I don’t often agree with the ACTA (American Council of Trustees and Alumni); in fact, to my way of thinking they are one of the best barometers of reactionary thinking in education. But I do agree with at least part of their December “Must Reads” (“Letting in the Sunshine“), in which the ACTA pays the Arkansas legislature a half-compliment.
It’s a good idea, the ACTA says, for universities to be completely transparent when it comes to administrative salaries; the legislature got that right. But the law is only necessary, they say, because the universities themselves haven’t stepped up to the plate. It’s the idea of a law that the ACTA finds so unnecessary. I think that the law is exactly the point, though.
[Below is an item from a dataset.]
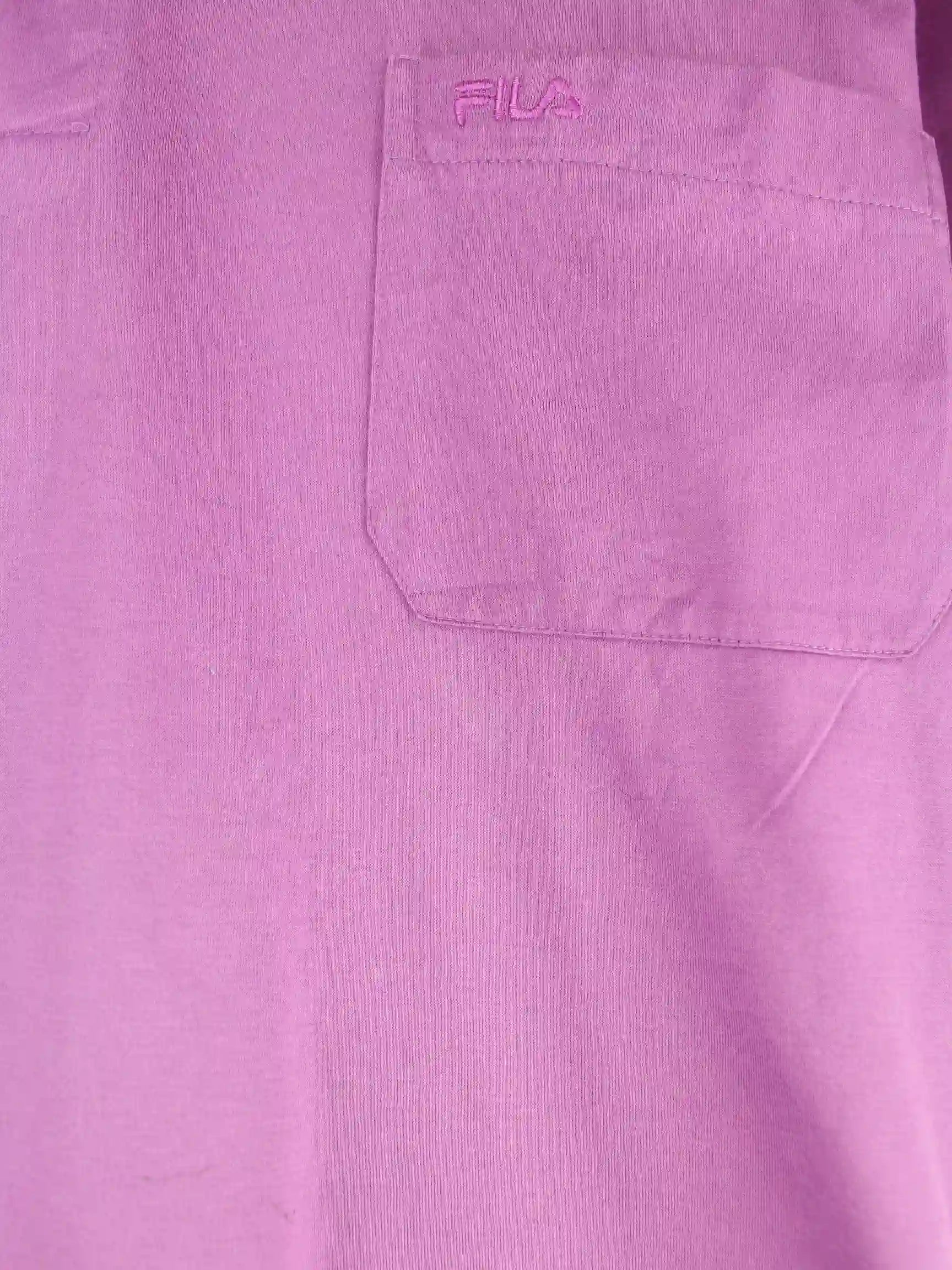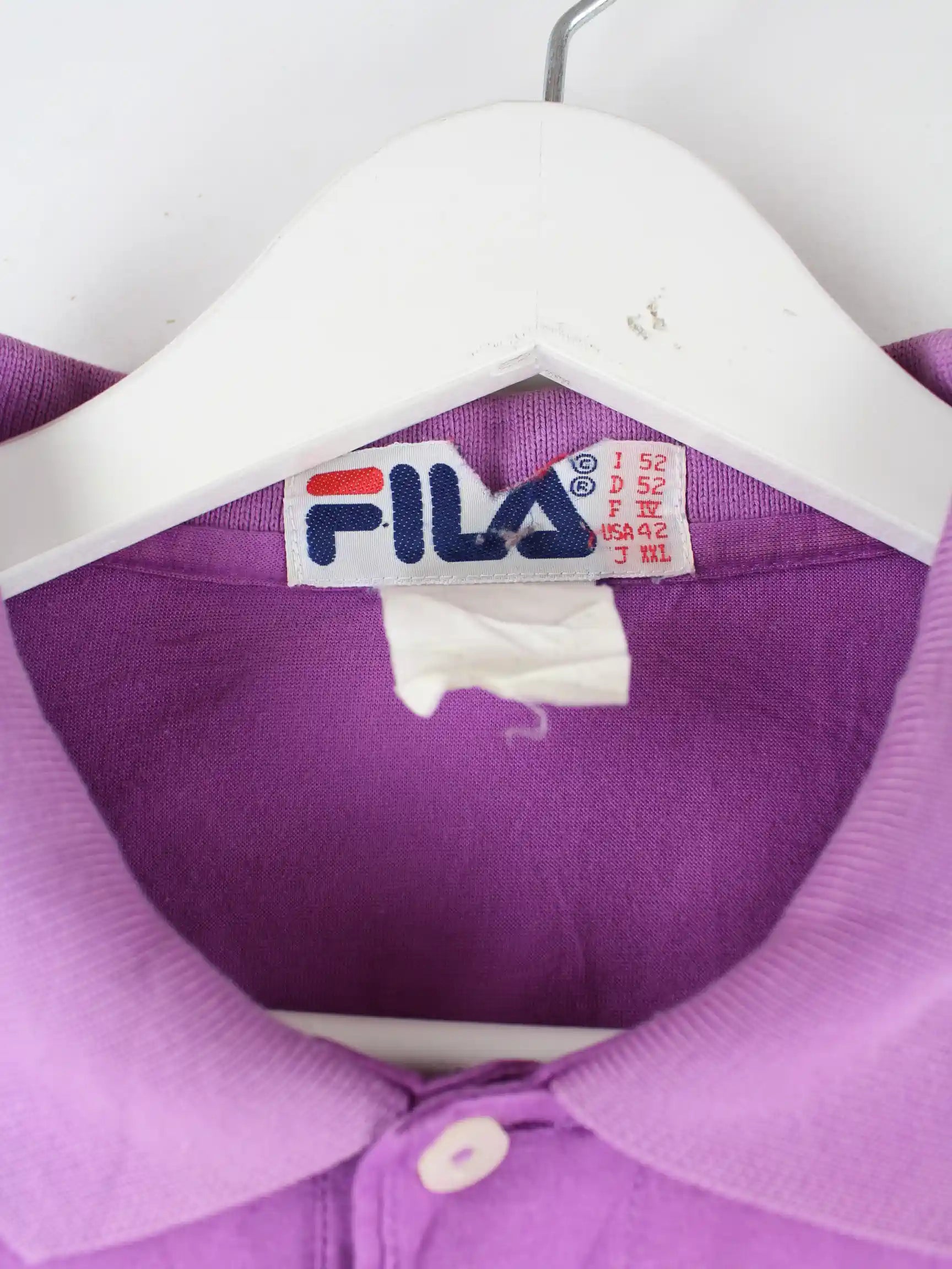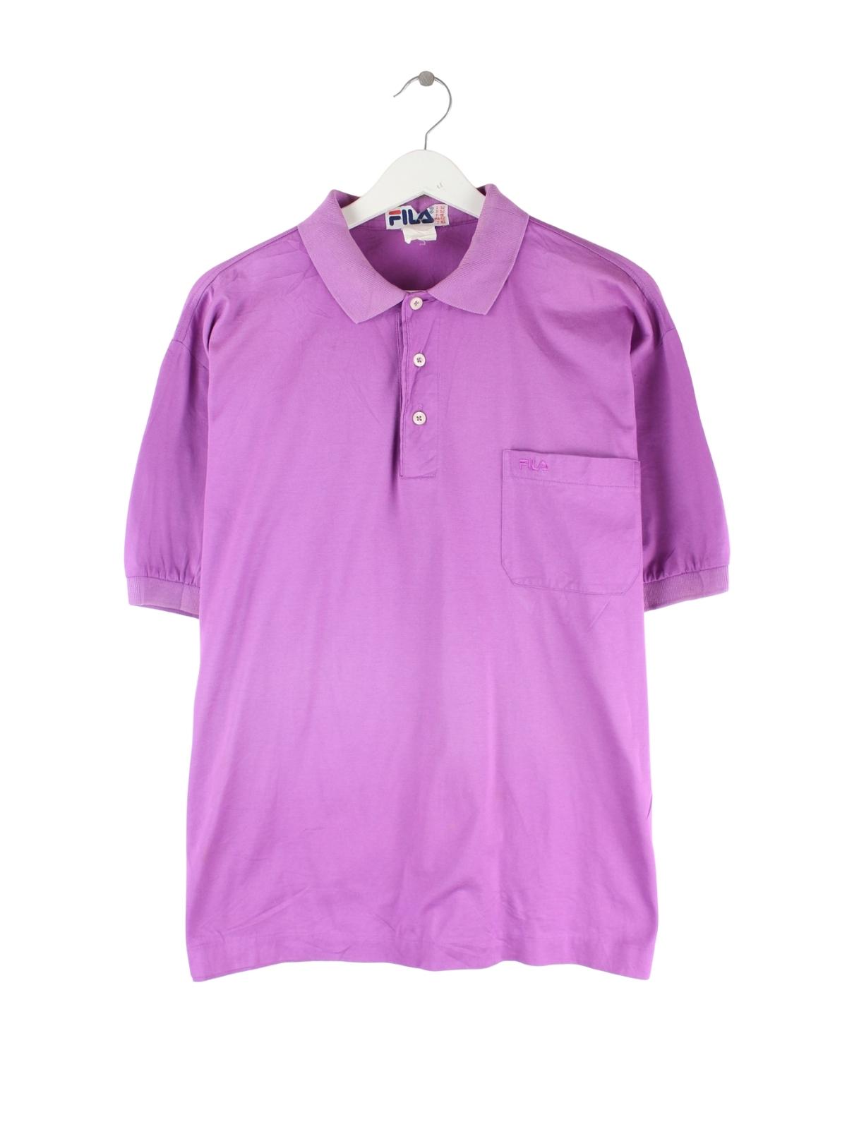Lilafarbenes Poloshirt aus dem Hause Fila aus den 90'ern in Größe L. Es ist aus Baumwolle hergestellt. Den Zustand würden wir als 'In Ordnung' bezeichnen (vergl. Bilder).

In effect, the “Must Read” is a thinly veiled warning: either we (administrations) deal with the rising (or perhaps coming) public anger at the exploding costs of college in general, and the wildly inflated salaries of certain high level administrators in particular, or we will face increased regulation. The worry, of course, is that the legal regulations will limit administrative “flexibility.”
In the short term, in other words, universities need to deal with the public by going public. In the long term, this will help ensure that they can do whatever they want once the outcry subsides. That’s exactly why Sunshine laws that require public institutions make all salaries public are so important. We need more than superficial changes that allow administrators to get by. We need laws.